> _WHAT THE TASK REQUIRES_
Copy out exactly the stretch of the listing below that begins at the line containing "Lhokseumawe. RU –" and ends at the line containing "The mug comes", and copy nothing outside it.

> _DATA FOR THIS EXERCISE_
§ §

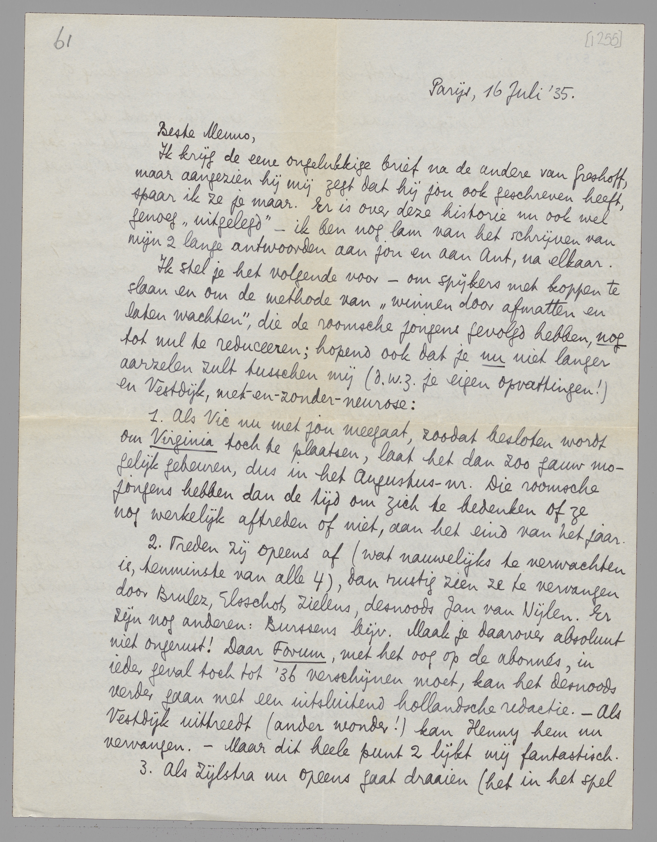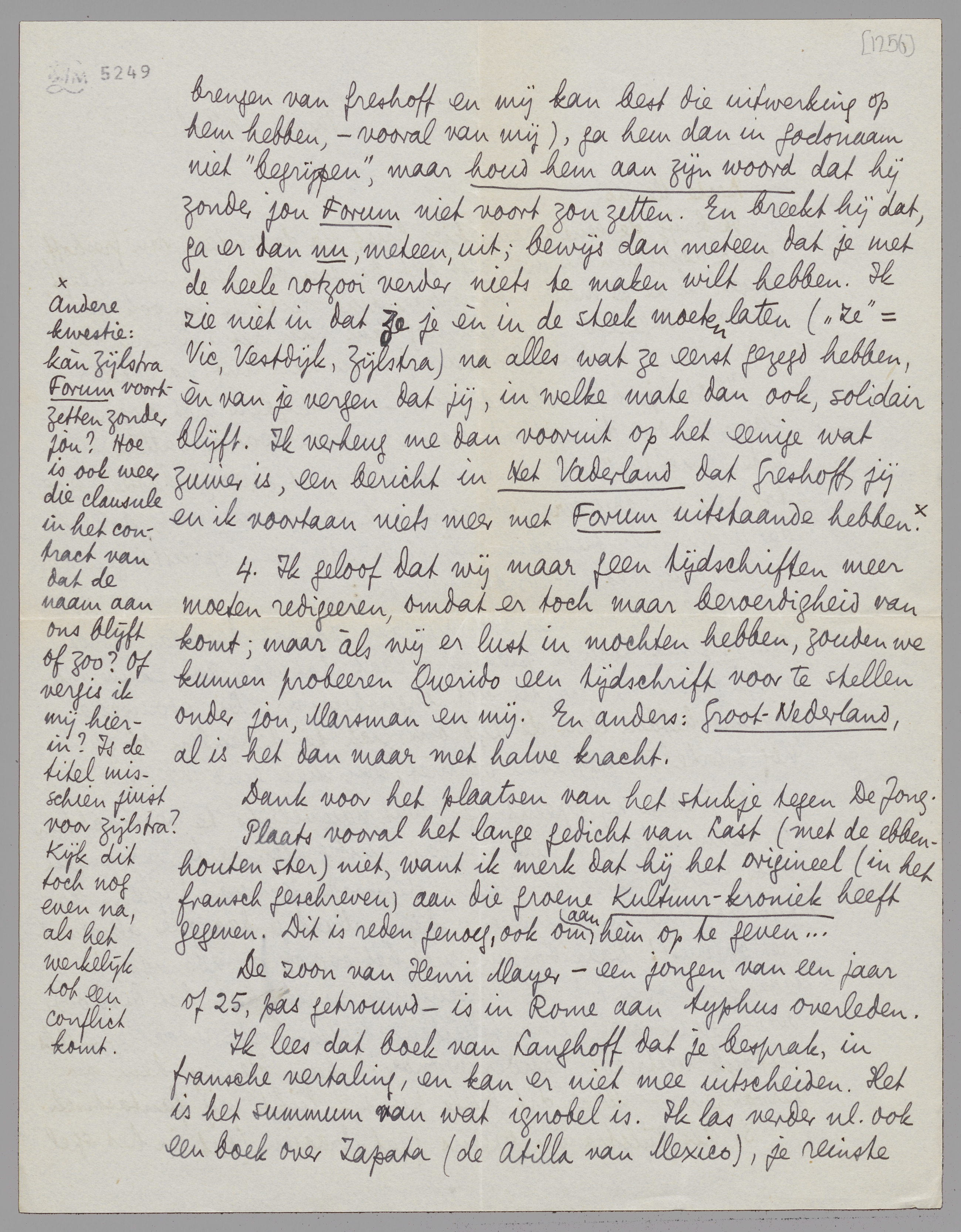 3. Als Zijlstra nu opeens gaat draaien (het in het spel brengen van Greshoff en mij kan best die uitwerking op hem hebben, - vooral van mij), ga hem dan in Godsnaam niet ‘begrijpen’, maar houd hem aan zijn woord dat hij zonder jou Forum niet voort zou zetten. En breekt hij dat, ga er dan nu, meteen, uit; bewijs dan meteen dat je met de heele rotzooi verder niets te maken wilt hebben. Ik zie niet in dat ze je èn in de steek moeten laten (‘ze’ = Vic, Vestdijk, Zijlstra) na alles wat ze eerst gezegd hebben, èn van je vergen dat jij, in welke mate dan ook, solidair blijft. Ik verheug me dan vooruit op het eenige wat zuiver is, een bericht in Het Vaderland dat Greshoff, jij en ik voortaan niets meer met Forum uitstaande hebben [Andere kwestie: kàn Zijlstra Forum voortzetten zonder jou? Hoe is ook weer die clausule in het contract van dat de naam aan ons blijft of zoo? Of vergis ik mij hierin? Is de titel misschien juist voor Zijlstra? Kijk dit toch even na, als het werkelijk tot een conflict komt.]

§ §

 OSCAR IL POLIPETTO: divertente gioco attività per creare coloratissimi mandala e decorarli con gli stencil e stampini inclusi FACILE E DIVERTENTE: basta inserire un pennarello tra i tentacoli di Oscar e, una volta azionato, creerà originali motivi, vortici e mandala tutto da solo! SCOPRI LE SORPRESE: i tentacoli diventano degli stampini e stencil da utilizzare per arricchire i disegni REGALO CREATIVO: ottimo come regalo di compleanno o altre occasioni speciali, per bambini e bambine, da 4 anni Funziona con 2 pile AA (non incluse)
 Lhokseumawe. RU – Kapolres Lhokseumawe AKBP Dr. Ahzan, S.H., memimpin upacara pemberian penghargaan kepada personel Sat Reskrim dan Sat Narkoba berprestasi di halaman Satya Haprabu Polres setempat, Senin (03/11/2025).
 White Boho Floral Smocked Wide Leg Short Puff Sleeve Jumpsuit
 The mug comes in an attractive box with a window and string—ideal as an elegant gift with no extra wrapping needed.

§ §

> _RESPONSE TO THE EXERCISE_
 Lhokseumawe. RU – Kapolres Lhokseumawe AKBP Dr. Ahzan, S.H., memimpin upacara pemberian penghargaan kepada personel Sat Reskrim dan Sat Narkoba berprestasi di halaman Satya Haprabu Polres setempat, Senin (03/11/2025).
 White Boho Floral Smocked Wide Leg Short Puff Sleeve Jumpsuit
 The mug comes in an attractive box with a window and string—ideal as an elegant gift with no extra wrapping needed.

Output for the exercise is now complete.